- ABOUT THIS EXERCISE:
With the pictures omitted, transcribe each line below exactly as it is.

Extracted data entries
**********
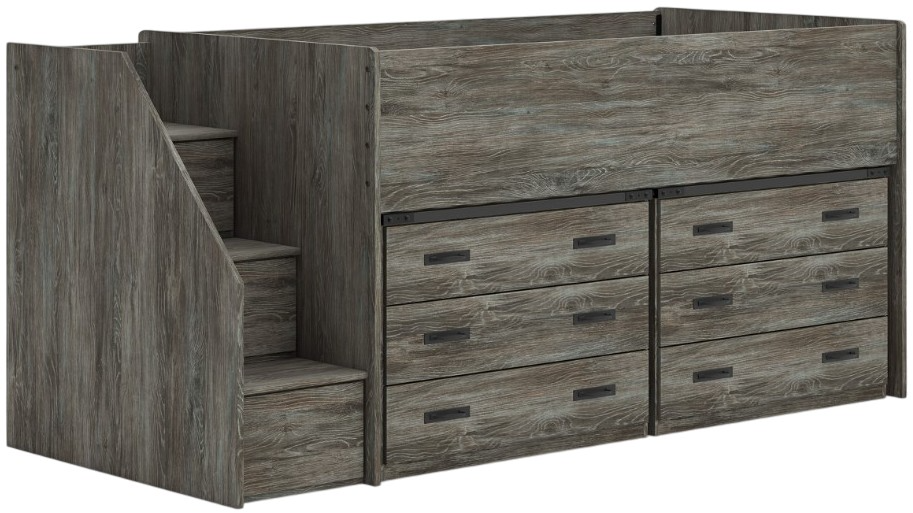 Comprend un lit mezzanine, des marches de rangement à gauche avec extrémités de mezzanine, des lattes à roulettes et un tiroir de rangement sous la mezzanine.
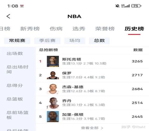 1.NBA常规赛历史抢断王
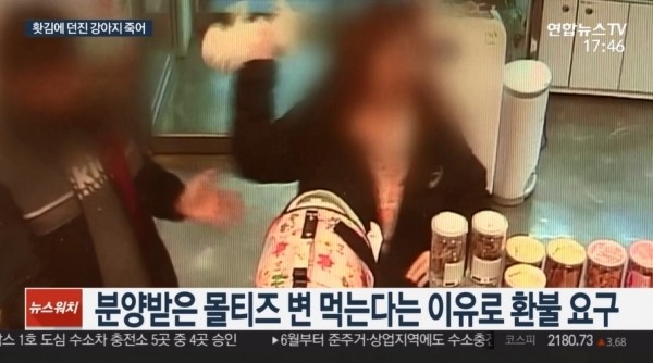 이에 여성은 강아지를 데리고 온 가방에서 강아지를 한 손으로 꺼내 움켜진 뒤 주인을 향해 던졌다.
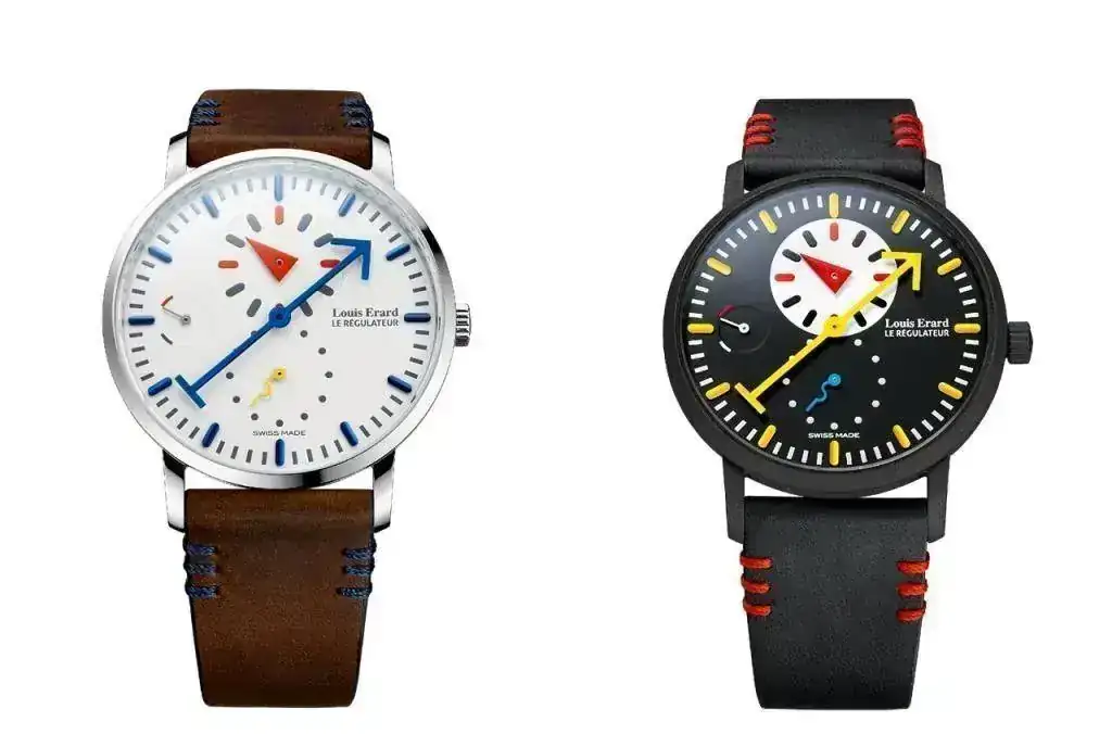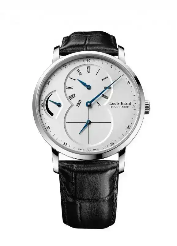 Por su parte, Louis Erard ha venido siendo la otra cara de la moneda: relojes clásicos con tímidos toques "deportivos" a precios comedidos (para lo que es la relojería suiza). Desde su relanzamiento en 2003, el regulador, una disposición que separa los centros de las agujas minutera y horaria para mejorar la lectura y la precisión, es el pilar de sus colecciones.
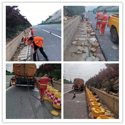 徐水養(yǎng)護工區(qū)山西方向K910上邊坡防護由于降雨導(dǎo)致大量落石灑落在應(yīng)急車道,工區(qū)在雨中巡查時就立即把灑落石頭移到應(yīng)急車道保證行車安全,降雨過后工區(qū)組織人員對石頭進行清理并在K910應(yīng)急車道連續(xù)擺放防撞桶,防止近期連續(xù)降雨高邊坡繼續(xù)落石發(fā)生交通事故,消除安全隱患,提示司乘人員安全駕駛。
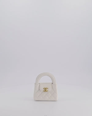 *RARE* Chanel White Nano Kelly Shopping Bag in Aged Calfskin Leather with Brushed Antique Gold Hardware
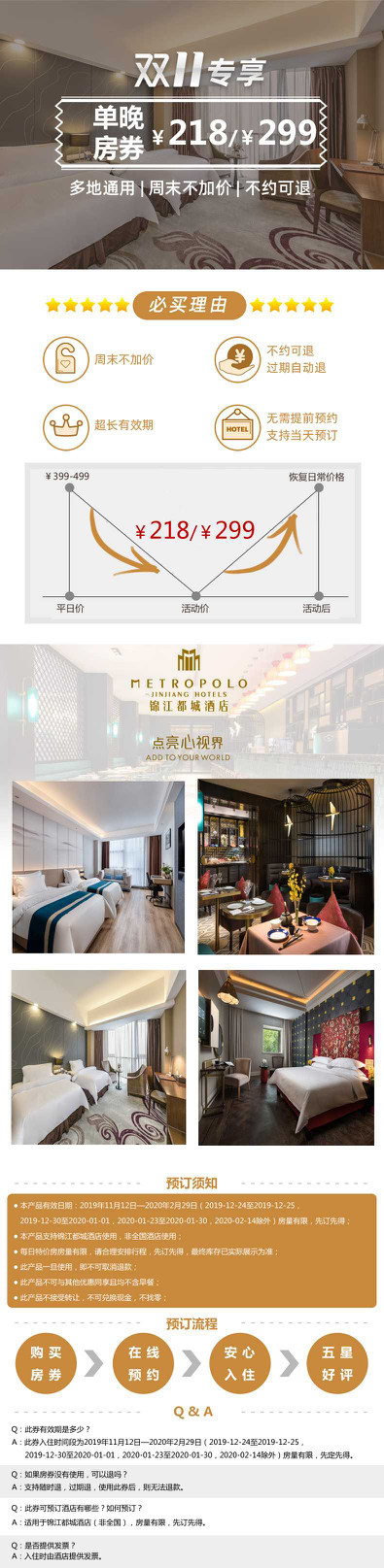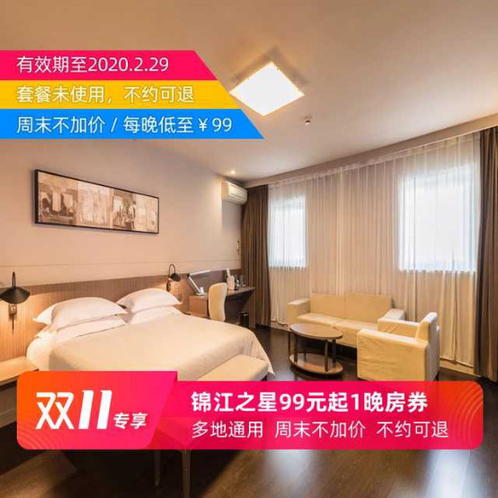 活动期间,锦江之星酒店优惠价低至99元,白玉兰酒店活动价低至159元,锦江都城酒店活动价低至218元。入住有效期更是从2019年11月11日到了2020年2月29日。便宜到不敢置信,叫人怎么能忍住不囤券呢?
**********
- ANSWER SECTION:
 Comprend un lit mezzanine, des marches de rangement à gauche avec extrémités de mezzanine, des lattes à roulettes et un tiroir de rangement sous la mezzanine.
 1.NBA常规赛历史抢断王
 이에 여성은 강아지를 데리고 온 가방에서 강아지를 한 손으로 꺼내 움켜진 뒤 주인을 향해 던졌다.
 Por su parte, Louis Erard ha venido siendo la otra cara de la moneda: relojes clásicos con tímidos toques "deportivos" a precios comedidos (para lo que es la relojería suiza). Desde su relanzamiento en 2003, el regulador, una disposición que separa los centros de las agujas minutera y horaria para mejorar la lectura y la precisión, es el pilar de sus colecciones.
 徐水養(yǎng)護工區(qū)山西方向K910上邊坡防護由于降雨導(dǎo)致大量落石灑落在應(yīng)急車道,工區(qū)在雨中巡查時就立即把灑落石頭移到應(yīng)急車道保證行車安全,降雨過后工區(qū)組織人員對石頭進行清理并在K910應(yīng)急車道連續(xù)擺放防撞桶,防止近期連續(xù)降雨高邊坡繼續(xù)落石發(fā)生交通事故,消除安全隱患,提示司乘人員安全駕駛。
 *RARE* Chanel White Nano Kelly Shopping Bag in Aged Calfskin Leather with Brushed Antique Gold Hardware
 活动期间,锦江之星酒店优惠价低至99元,白玉兰酒店活动价低至159元,锦江都城酒店活动价低至218元。入住有效期更是从2019年11月11日到了2020年2月29日。便宜到不敢置信,叫人怎么能忍住不囤券呢?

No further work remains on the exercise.